This report is not only possible hearsay, but totally unacceptable. I doubt very much if it was one of the surviving officers. It may even be fiction. Such a quote is far too important to be left out of the proceeds of the Court of Inquiry.
We all know that Harness virtually conducted and controlled the proceedings alone.He eliminated many repords from being recorded on the grounds that they were duplicated. Harness was not in the business of being perceived to delay the report, hence the brevity of the time taken to conclude the Inquiry.
The fact remains that anyone who overheard Pulleine instructing Melvil to save the Colour was in receipt of vital evidence not to be brushed to one side or indeed, not worthy of recording. And what about the 2/24th Colours? Would not a similar instruction have been given to a 2/24th officer? Where were the colours? In the case of the 1/24th, probably in the Guard Tent located immediately in front of Black's Koppie. In the case of the 2/24th, in their Guard Tent at the rear, i.e. some two hundred yards or so in front of Chelmsford's HQ tents.
So Melvill had to move from the centre of the battle across to the 1/24th's Guard Tent to rertieve the Colour. He, in all probability, did so on his own initiative.
The report from the " Gentleman whose testimony" --- would have been read by many, yet no at the time cared to pursue the issue? I submit that no cogniscence or weight can be placed on this amorphous evidence. An anonymous letter written by someone who has not the guts to sign his name is simply not historically acceptable as evidence. Rest assured that had any survivor been privy to such a conversation, it would have been the headlines of the day.
Hence, in my view, there being absolutely no primary or secondry evidence to support such an instruction being issued to Melvill, the theory should, like many others on Isandlwana, be religated to the realms of fiction.
9th May 2005Mike Snook
Peter,

I accept your comments on the testimony that 'may be relied upon', but as a former officer I ask you this - how do you separate a Commanding Officer from his principal staff offcier in a dire crisis? You have only two choices - either the Adjutant ran away or the CO sent him away. I believe that there is a case to be made on the back of a primary source that he was sent away with the Colours. But it isn't there in black and white; you have to read between the lines. More in September - but in the meantime I beg you don't pitch your tents alongside the other knockers. You are too good a historian to keep company with them.

Regards as ever

Mike
9th May 2005Peter Ewart
Mike/Peter

This little paragraph in the newspaper has always fascinated me. (In the Kaffrarian Watchman originally, if I recall).

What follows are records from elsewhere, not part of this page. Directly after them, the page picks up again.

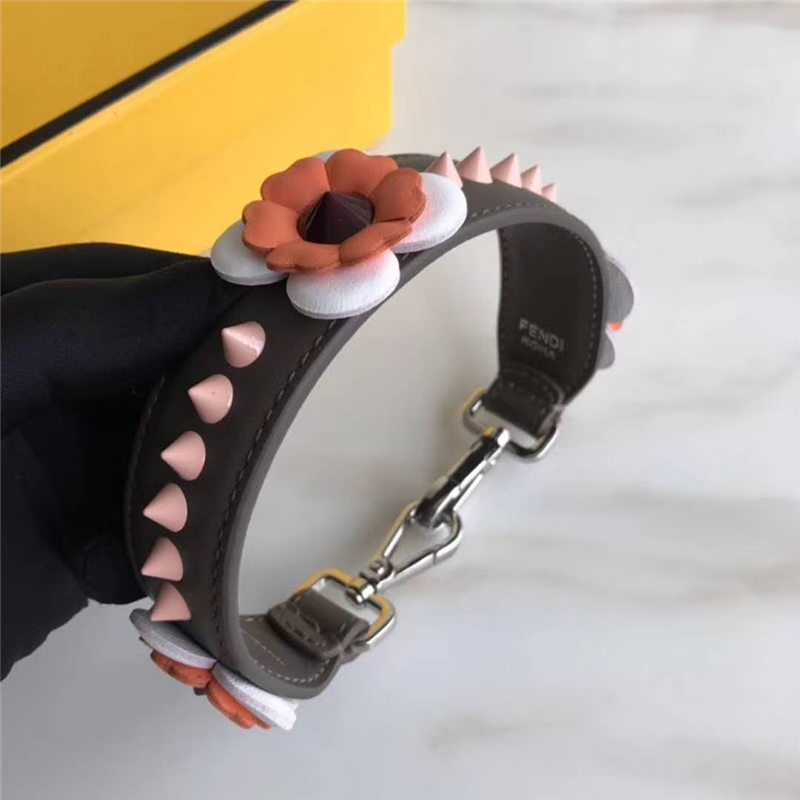 - 832 Fendi芬迪 超美包带 花朵锥形铆钉 炫彩长肩带 啡色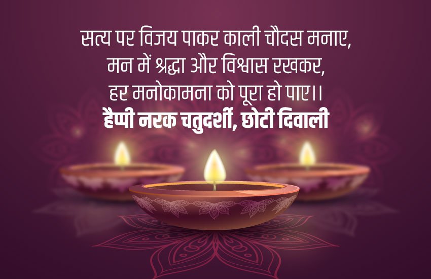 Happy Naraka Chaturdashi 2019 Wishes Images, Quotes, Wallpapers, SMS, Messages, Status, Pics: दिवाली के एक दिन पहले छोटी दिवाली या नरक चतुर्दशी के रूप में मनाया जाता है। यह छोटे स्तर पर दीवाली है, जिसमें कम रोशनी और कम पटाखे फूटते हैं। इस साल छोटी दिवाली 26 अक्टूबर को देशभर में सेलिब्रेट किया जाएगा। हिंदू घरों में, छोटी दिवाली के उत्सव के मौके पर देवी लक्ष्मी की और शाम को राम की पूजा होती है। देवता के सम्मान में गीत गाए जाते हैं और आरती भी की जाती है। नरक चतुर्दशी से पहले वाले दिन, भगवान कृष्ण के दिव्य हस्तक्षेप से दानव, नरकासुर का वध हुआ था। इस खास मौके को और यादगार बनाने के लिए आप अपने दोस्तों और रिश्तेदारों को मैसेज, कोट्स और इमेजेज भेजकर छोटी दिवाली विश कर सकते हैं।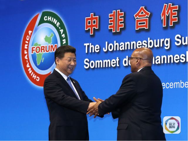 12月4日,國家主席習近平出席中非合作論壇約翰內斯堡峰會開幕式并發(fā)表致辭。這是南非總統(tǒng)祖馬迎接習近平。(新華社記者龐興雷攝)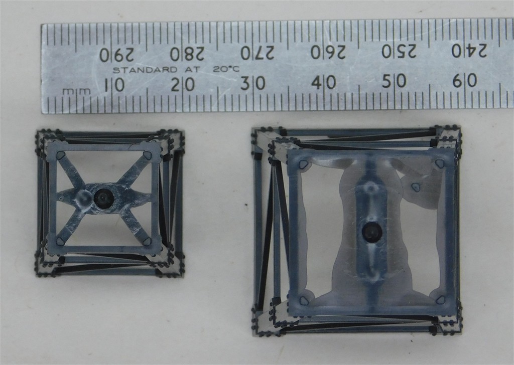 An unused Vero 51066 Stako 011 conical steel truss frames, mostly in unopened packets, may have the odd broken strut. Builds 4 sets, base 36mm square, larger truss 30mm square at bottom and 21mm square at the top, 44mm tall; smaller truss 21mm square at the bottom and 10mm square at the top, 32mm tall.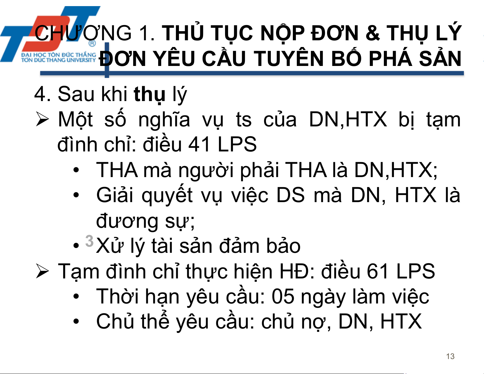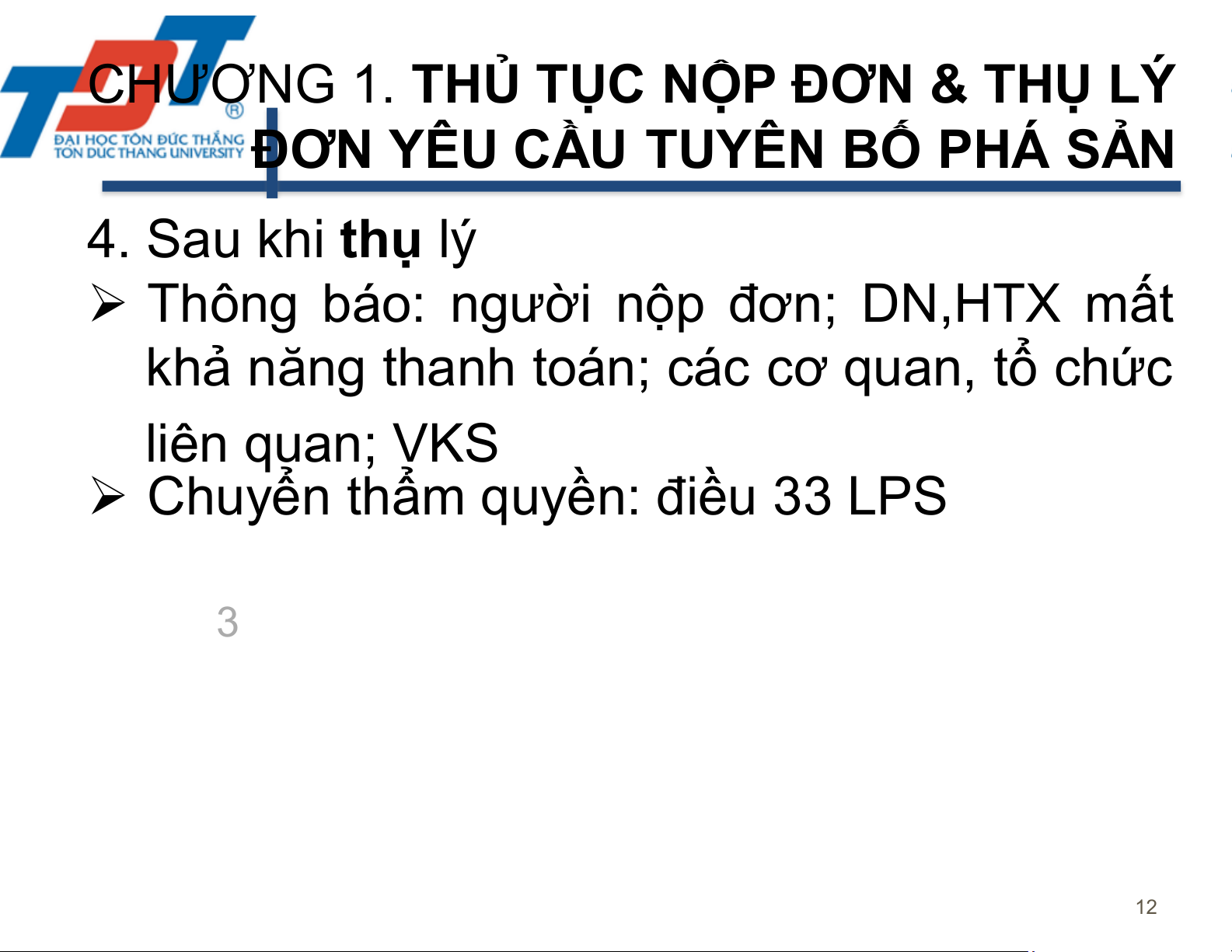 ĐƠN YÊU CẦU TUYÊN BỐ PHÁ SẢN 4. Sau khi thụ lý

My first guess was very strongly that it was a "plant." Simply inserted to put an appropriate gloss on matters. Not in a cynical, modern way but more in the accepted(?) way of the time. "Perhaps it happened like this. If it didn't, then it should have done - probably did. And jolly good thing, too. We'll leave it unattributed."

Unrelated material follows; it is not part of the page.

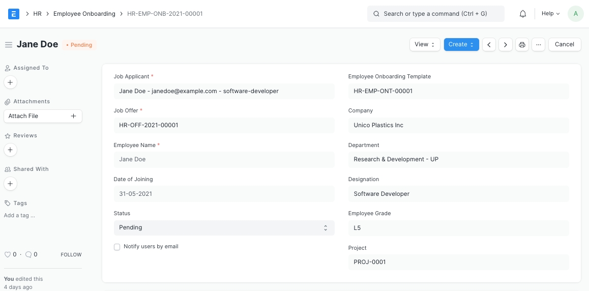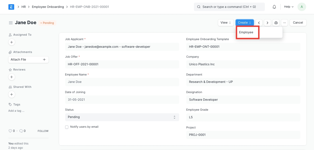 Bạn có thể trực tiếp tạo Nhân viên thông qua loại tài liệu Giới thiệu nhân viên (nếu chưa được tạo) sau khi tất cả các tác vụ giới thiệu bắt buộc hoàn tất.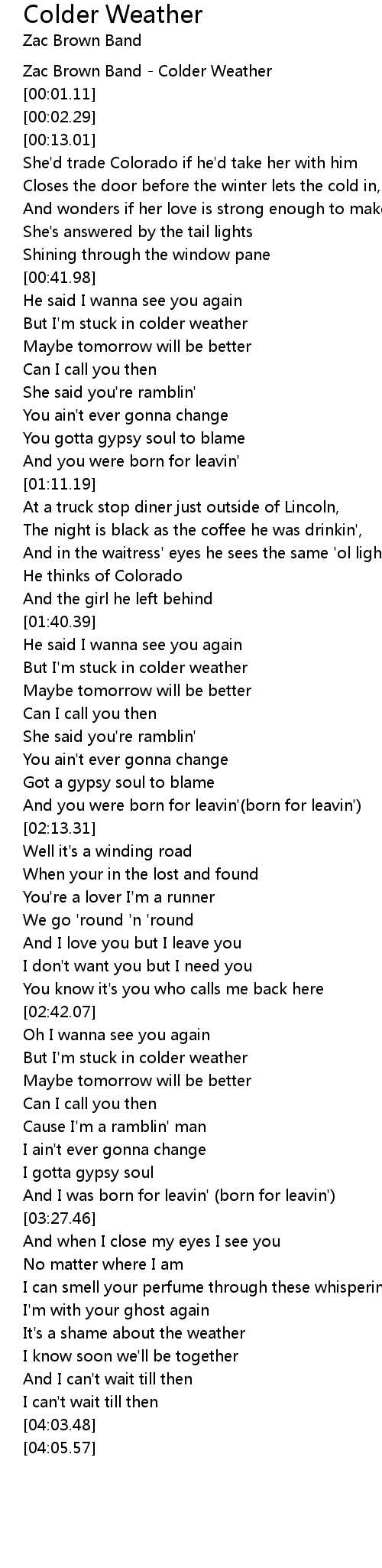 Zac Brown Band - Colder Weather |

On the other hand, I now think it can't be dismissed for simply being unattributed. The usual discipline of enquiring rigorously whether a source is primary or secondary comes completely unstuck when researching in newspapers, and never is this more clear than when going through the reports and comment during the months after Isandlwana. Quite apart from reports being mixed with comment and letters from the theatre of war being mixed with extracts from reports from other papers, often condensed by precis and frequently ignoring inverted commas, the one "rule" which is constant is that MANY of the reports and stories are deliberately unattributed - and yet emphasised as highly reliable. The fact that the Pulleine/Melvill conversation was reported but unattributed was not unusual but was the norm - so we should rely on it no more or no less than many of the other accounts which are relied upon but which are unattributed. It could be a faithfully reported conversation which was published after following the custom of non-attribution.

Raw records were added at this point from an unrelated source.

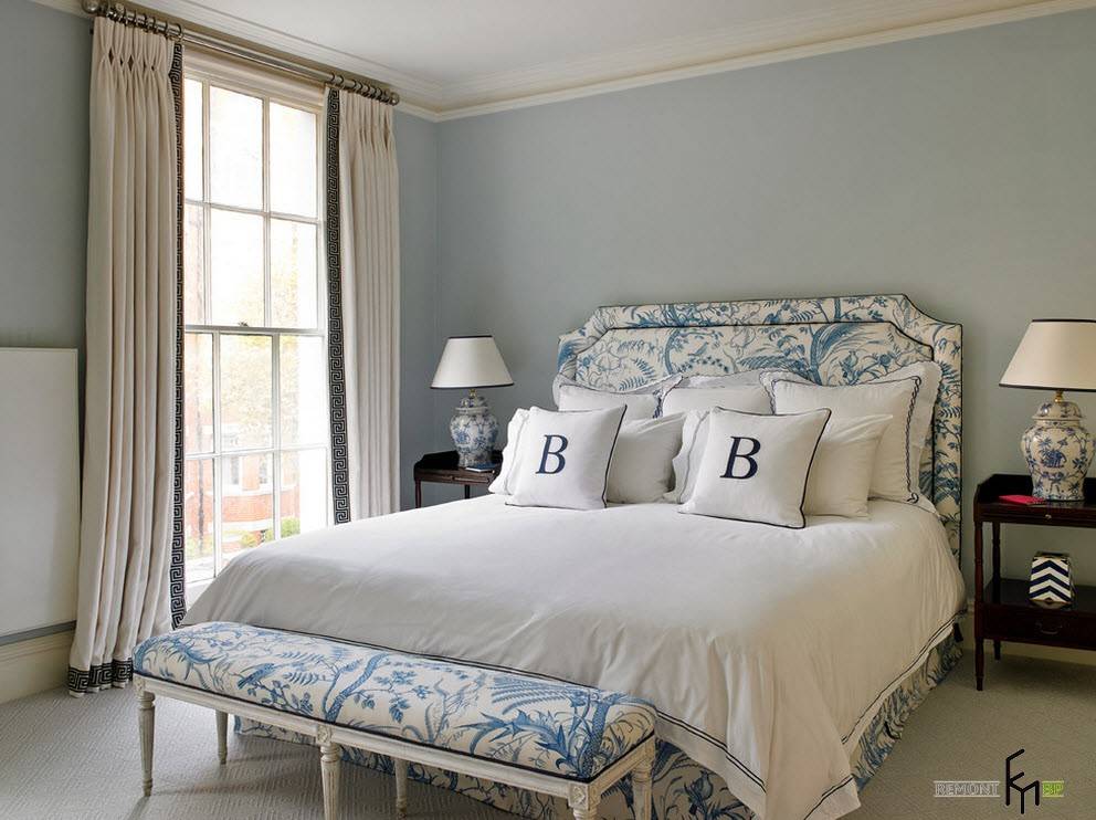 Дизайн окна в спальне классического стиля предусматривает подбор материала по плотности. Тяжелые и достаточно плотные занавески отлично дополнят интерьер в английском стиле. Если гардины имеют узоры, подбирайте их в тон стенам.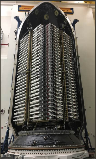 此次发射的60颗卫星在猎鹰9号火箭内紧密排列,图片来自马斯克社交媒体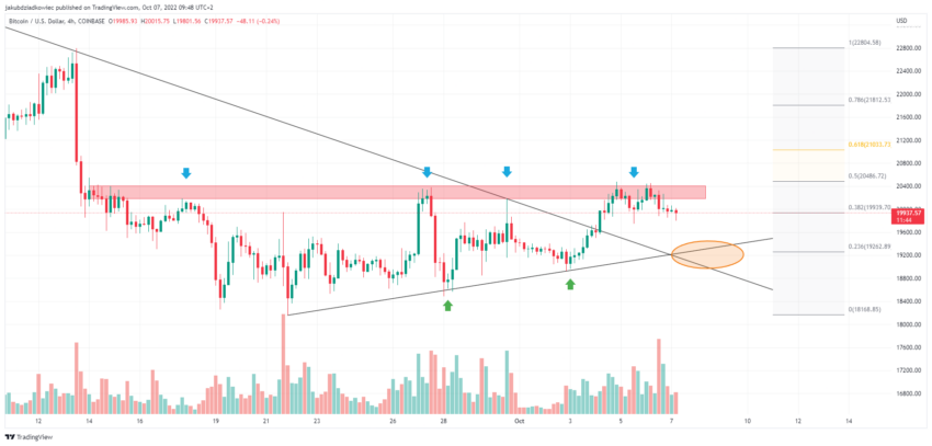Если цена снова решит протестировать эту линию восходящей поддержки, нельзя исключать краткосрочной просадки биткоина в район $19 200 (оранжевый овал).

And yet - there is that nagging feeling that the reported conversation is just rather too perfect.

Perhaps (surely just as likely?) the conversation was heard but the report (whether by the hearer or by the paper) was embellished? Even if not deliberately embellished, it can hardly, in the circumsances, have been recorded correctly word for word.

I've always thought the argument over the reliability of this source hinges on:

(a) the likely military procedure in the circumstances - which you both discuss above but on which I'm not qualified to comment.

(b) the common procedure of newspapers of the time in publishing unattributed quotes, and whether the Watchman was simply following this procedure.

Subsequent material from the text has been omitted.